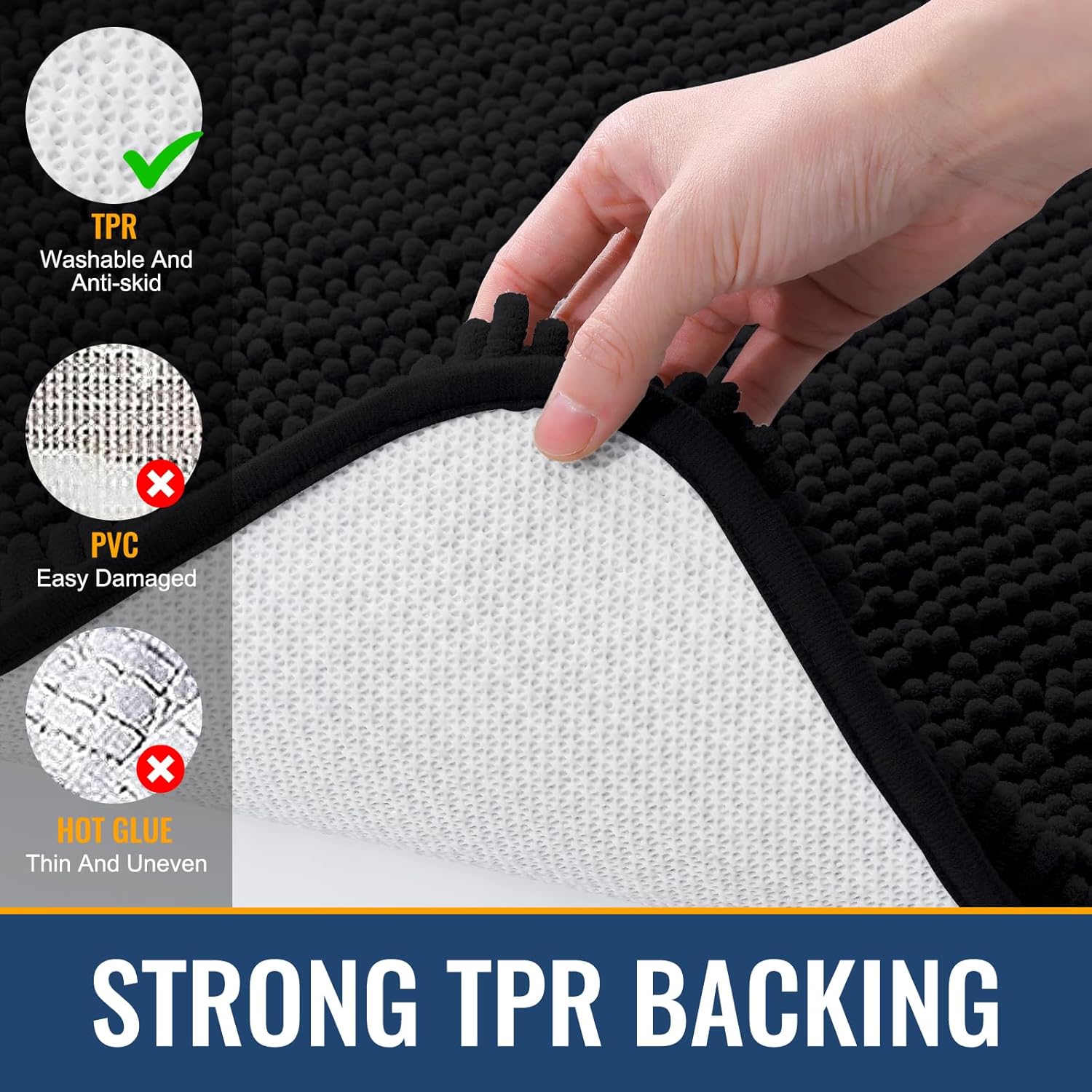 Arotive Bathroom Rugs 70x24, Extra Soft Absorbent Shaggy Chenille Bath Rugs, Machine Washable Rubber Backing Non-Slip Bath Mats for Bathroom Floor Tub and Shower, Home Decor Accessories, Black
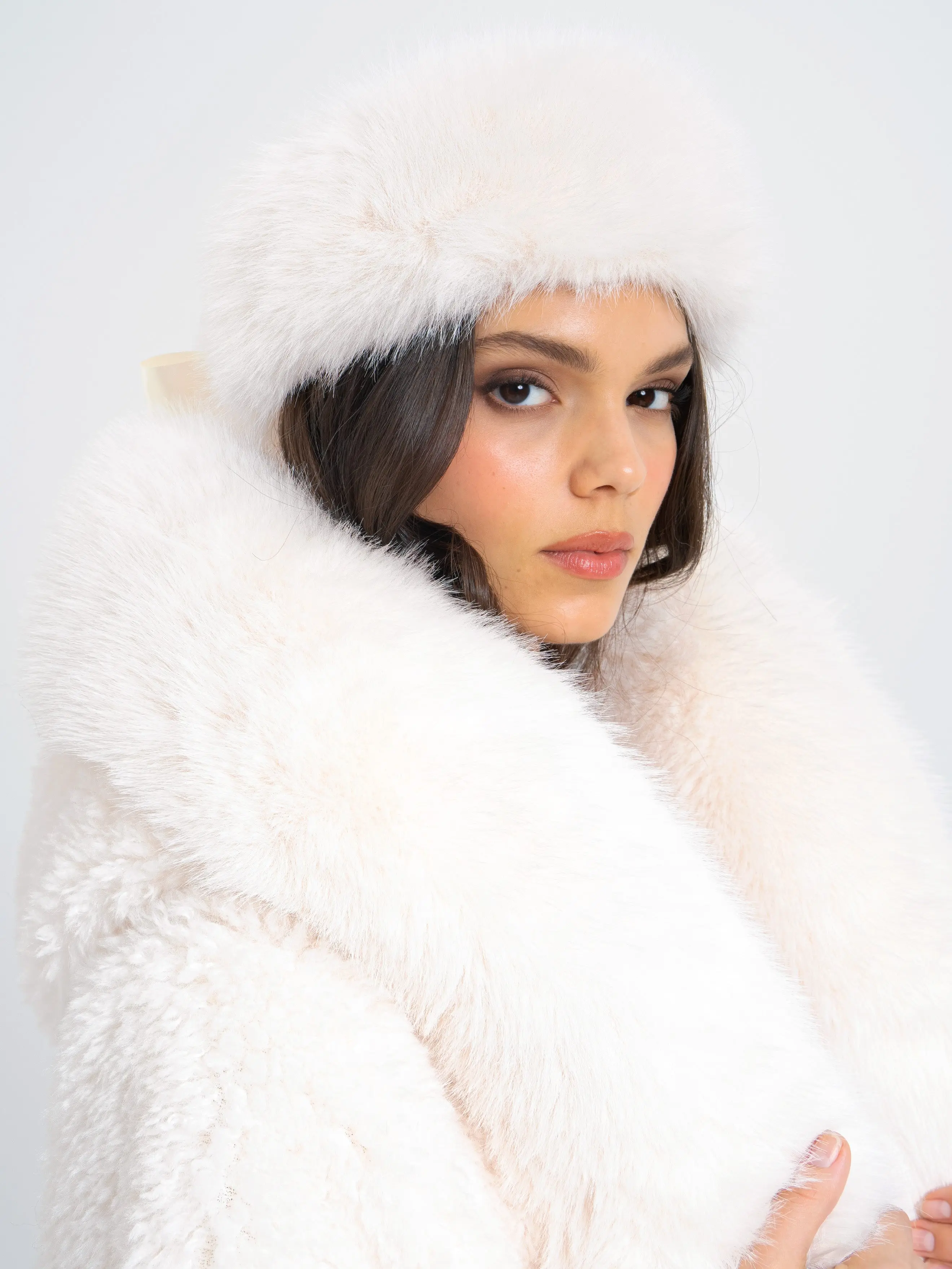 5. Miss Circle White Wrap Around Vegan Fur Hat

****

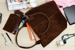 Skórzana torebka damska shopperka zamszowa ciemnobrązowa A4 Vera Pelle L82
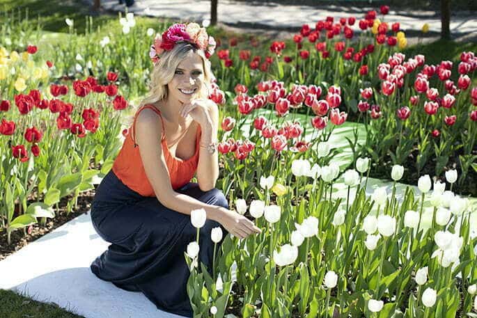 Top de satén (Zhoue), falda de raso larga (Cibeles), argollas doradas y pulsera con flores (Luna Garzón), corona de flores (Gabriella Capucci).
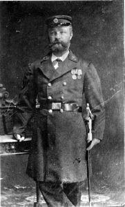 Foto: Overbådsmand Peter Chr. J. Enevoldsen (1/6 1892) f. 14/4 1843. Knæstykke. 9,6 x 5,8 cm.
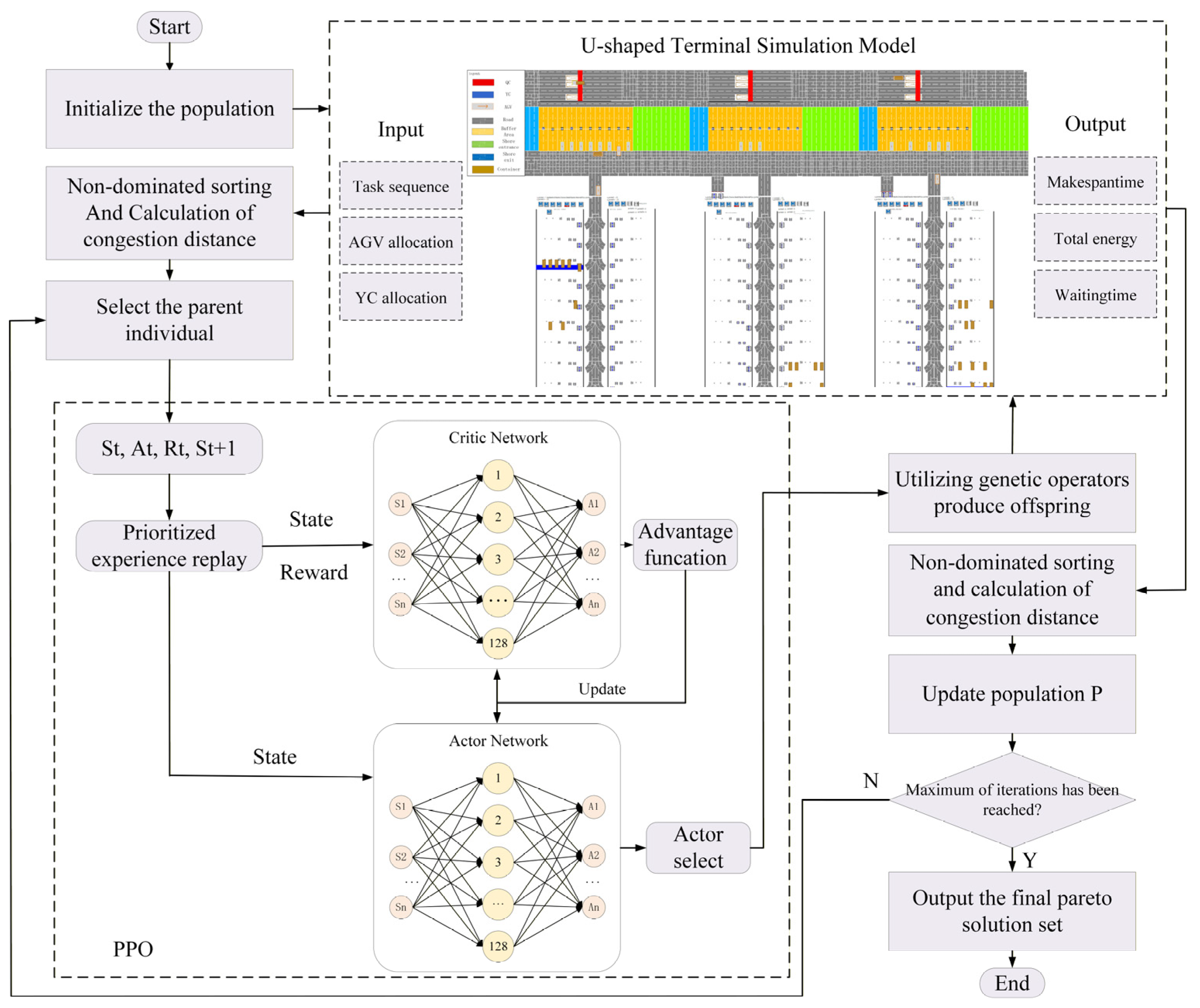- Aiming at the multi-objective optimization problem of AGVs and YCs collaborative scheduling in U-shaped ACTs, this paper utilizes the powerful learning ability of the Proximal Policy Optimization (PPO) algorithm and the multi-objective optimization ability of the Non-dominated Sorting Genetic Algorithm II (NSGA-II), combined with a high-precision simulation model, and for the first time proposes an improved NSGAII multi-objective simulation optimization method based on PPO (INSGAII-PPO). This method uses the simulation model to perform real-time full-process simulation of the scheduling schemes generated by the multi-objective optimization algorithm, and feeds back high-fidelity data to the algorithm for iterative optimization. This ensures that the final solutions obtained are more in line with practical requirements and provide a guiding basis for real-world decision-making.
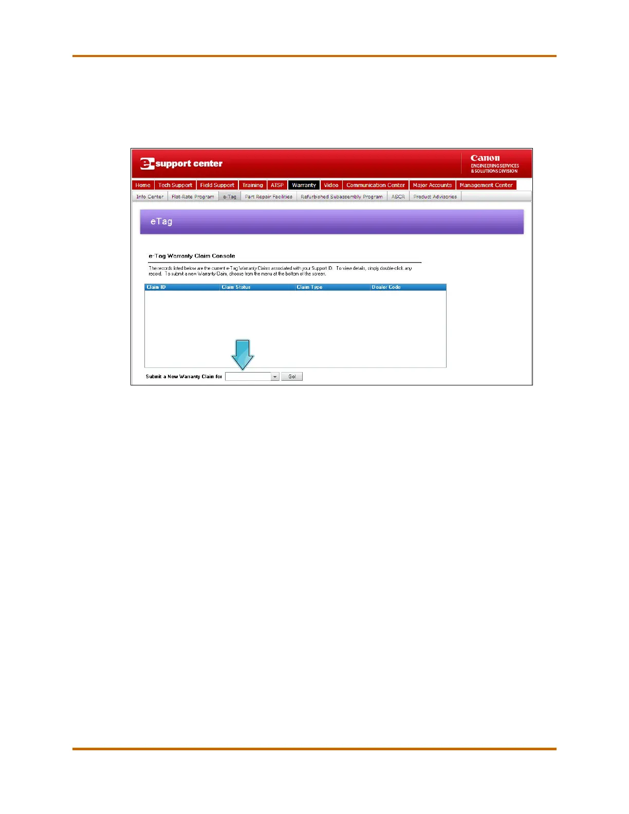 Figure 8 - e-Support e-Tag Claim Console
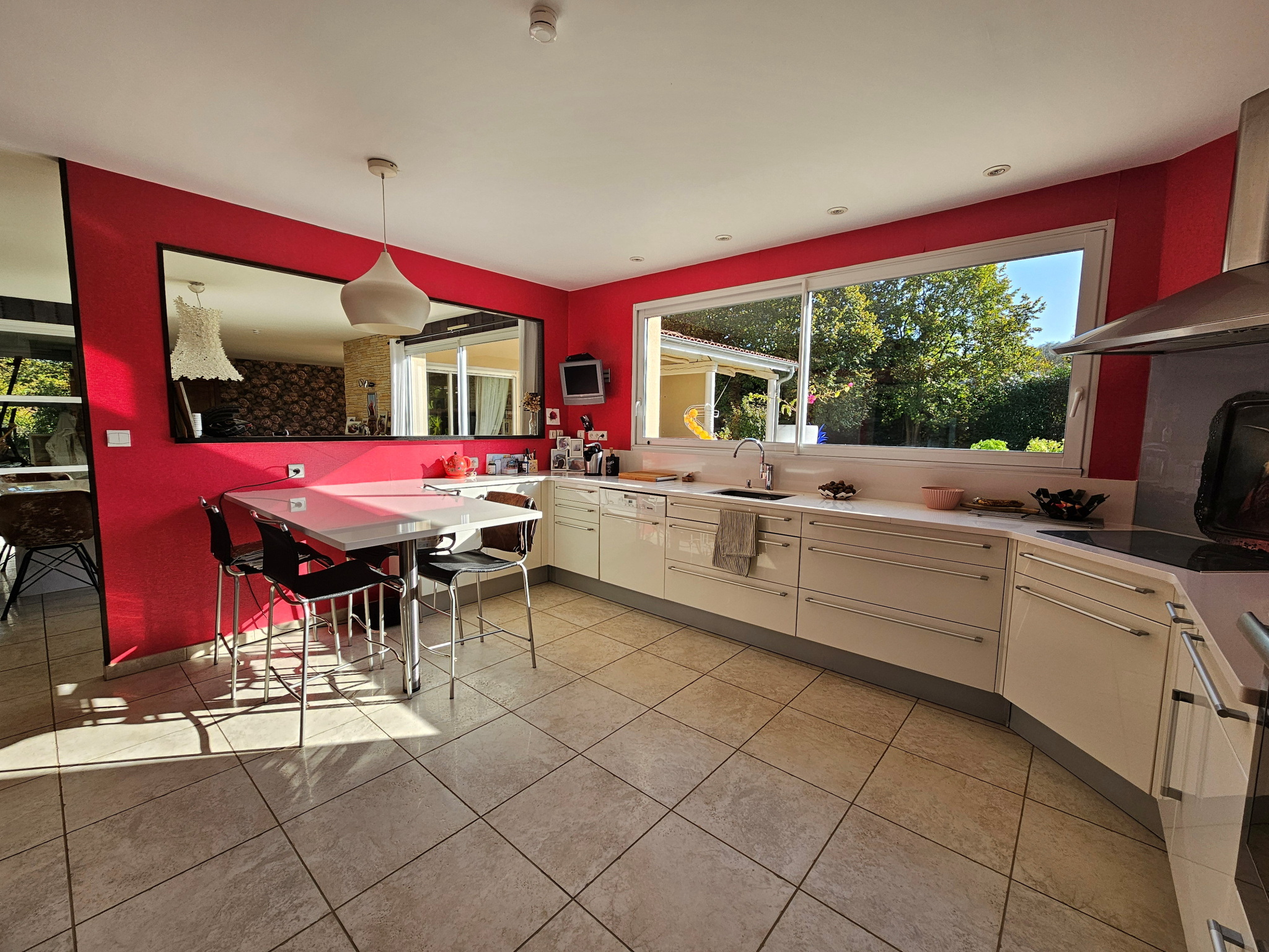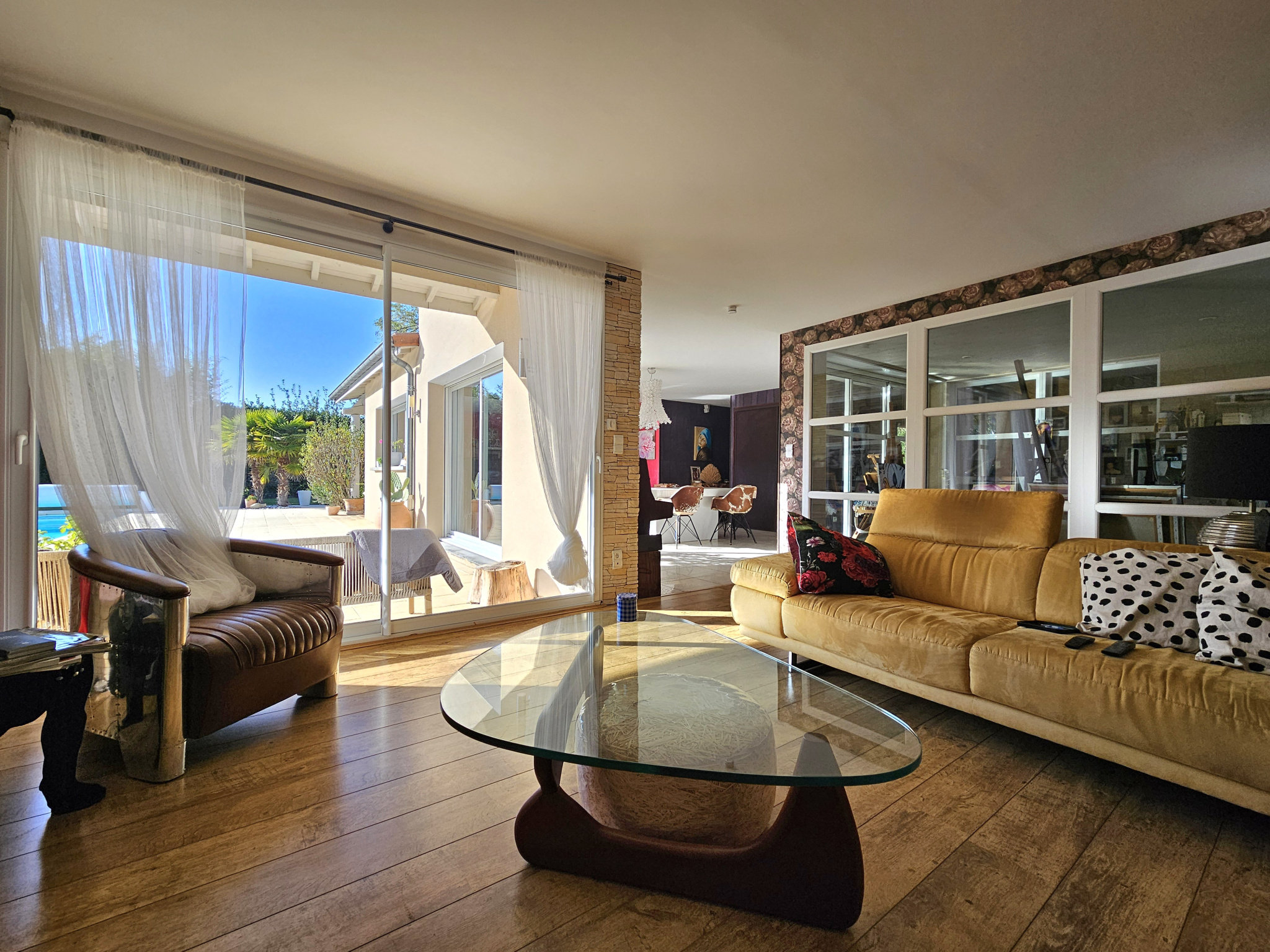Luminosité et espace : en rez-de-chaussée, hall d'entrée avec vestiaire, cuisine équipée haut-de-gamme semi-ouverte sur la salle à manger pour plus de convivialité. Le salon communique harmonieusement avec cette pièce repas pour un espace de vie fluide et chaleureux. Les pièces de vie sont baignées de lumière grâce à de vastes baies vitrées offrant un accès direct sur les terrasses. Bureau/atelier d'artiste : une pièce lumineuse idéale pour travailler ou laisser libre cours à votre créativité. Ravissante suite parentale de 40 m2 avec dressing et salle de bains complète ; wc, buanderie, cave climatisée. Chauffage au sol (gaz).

****

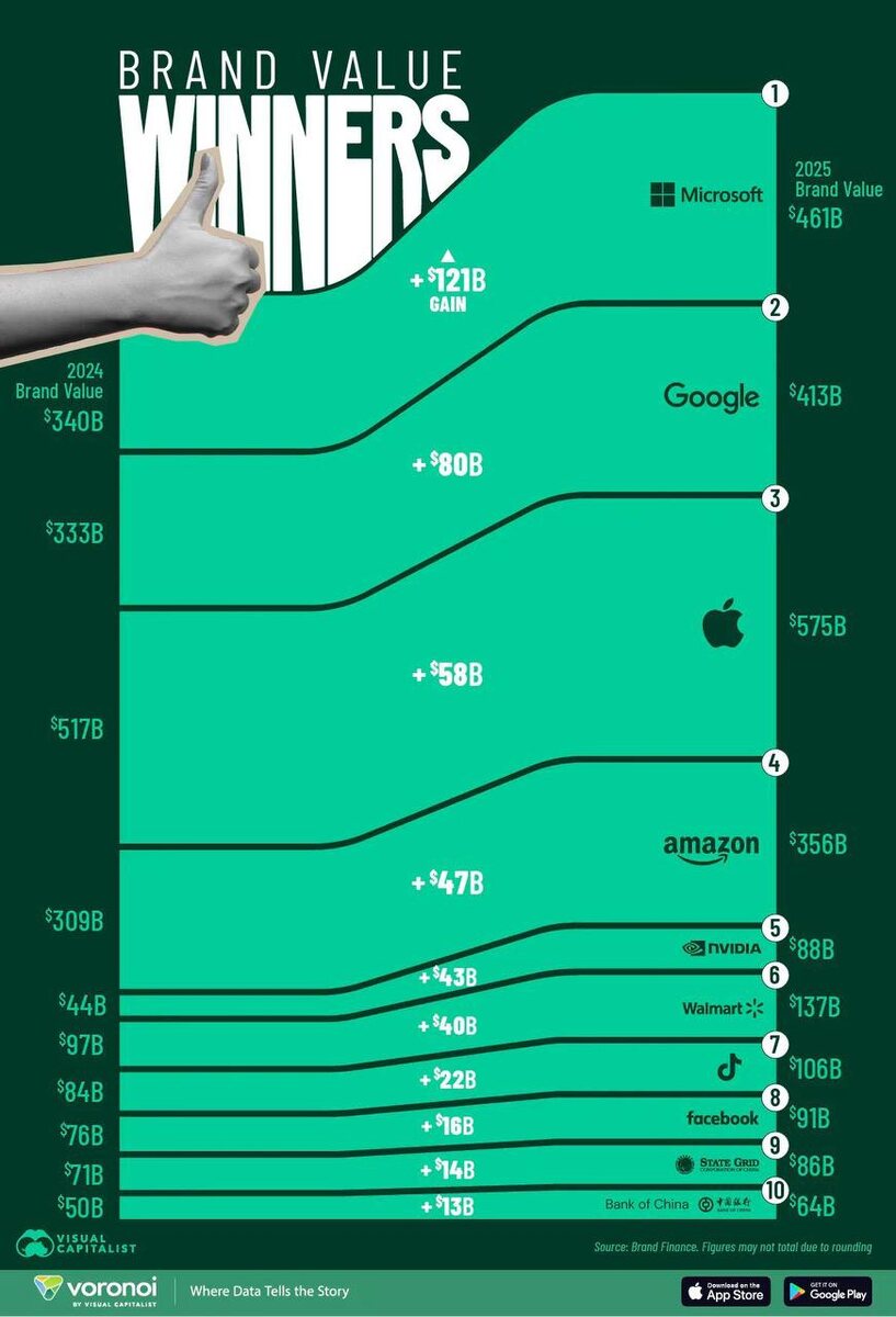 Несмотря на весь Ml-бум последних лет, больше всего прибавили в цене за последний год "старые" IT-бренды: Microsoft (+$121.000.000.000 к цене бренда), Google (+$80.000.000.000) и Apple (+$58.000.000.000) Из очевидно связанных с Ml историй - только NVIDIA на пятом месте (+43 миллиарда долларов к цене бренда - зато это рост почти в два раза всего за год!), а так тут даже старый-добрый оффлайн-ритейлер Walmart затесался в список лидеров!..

****

In the listing above, find the line with "Skórzana torebka damska" and the line with "Foto: Overbådsmand Peter". Copy exactly those two and every line between, without the pictures.

(Your solution)
 Skórzana torebka damska shopperka zamszowa ciemnobrązowa A4 Vera Pelle L82
 Top de satén (Zhoue), falda de raso larga (Cibeles), argollas doradas y pulsera con flores (Luna Garzón), corona de flores (Gabriella Capucci).
 Foto: Overbådsmand Peter Chr. J. Enevoldsen (1/6 1892) f. 14/4 1843. Knæstykke. 9,6 x 5,8 cm.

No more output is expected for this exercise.